• [What to do]
From the line with "SITUACE ŠIRŠÍCH VZTAHŮ M1:2500" through the line with "ŘEŠENÉ ÚZEMÍ (3,86", repeat the entries verbatim, both end lines included, and add nothing.

*** Opening Data section ***

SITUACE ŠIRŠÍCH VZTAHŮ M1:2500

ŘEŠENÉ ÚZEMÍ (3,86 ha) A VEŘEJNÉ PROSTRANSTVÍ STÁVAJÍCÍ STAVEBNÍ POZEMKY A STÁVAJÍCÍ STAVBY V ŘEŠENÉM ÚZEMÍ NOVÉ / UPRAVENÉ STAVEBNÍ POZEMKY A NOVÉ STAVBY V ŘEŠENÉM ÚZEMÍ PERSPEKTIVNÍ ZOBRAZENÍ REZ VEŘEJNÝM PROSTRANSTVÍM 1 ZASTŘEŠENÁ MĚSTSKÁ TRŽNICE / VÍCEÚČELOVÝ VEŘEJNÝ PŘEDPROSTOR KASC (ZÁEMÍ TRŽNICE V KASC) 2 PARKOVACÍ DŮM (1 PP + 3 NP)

*** Closing Data section ***
*** Opening Data section ***

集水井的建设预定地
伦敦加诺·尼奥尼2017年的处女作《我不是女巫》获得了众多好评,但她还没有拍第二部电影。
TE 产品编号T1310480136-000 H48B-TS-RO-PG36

*** Closing Data section ***
*** Opening Data section ***

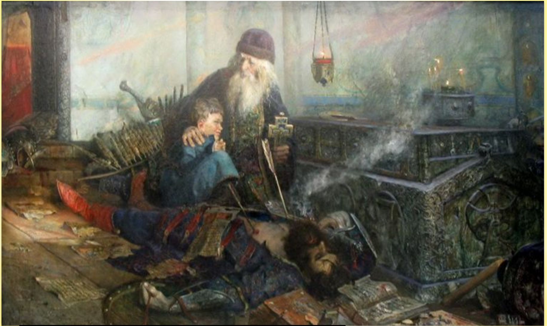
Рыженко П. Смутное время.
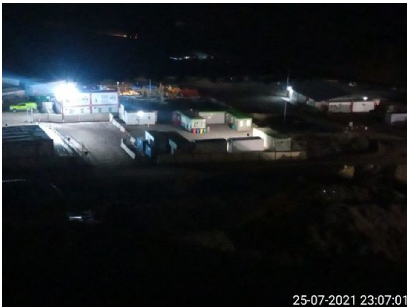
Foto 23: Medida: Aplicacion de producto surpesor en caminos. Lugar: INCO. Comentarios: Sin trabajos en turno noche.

*** Closing Data section ***

• [Answer section]
SITUACE ŠIRŠÍCH VZTAHŮ M1:2500

ŘEŠENÉ ÚZEMÍ (3,86 ha) A VEŘEJNÉ PROSTRANSTVÍ STÁVAJÍCÍ STAVEBNÍ POZEMKY A STÁVAJÍCÍ STAVBY V ŘEŠENÉM ÚZEMÍ NOVÉ / UPRAVENÉ STAVEBNÍ POZEMKY A NOVÉ STAVBY V ŘEŠENÉM ÚZEMÍ PERSPEKTIVNÍ ZOBRAZENÍ REZ VEŘEJNÝM PROSTRANSTVÍM 1 ZASTŘEŠENÁ MĚSTSKÁ TRŽNICE / VÍCEÚČELOVÝ VEŘEJNÝ PŘEDPROSTOR KASC (ZÁEMÍ TRŽNICE V KASC) 2 PARKOVACÍ DŮM (1 PP + 3 NP)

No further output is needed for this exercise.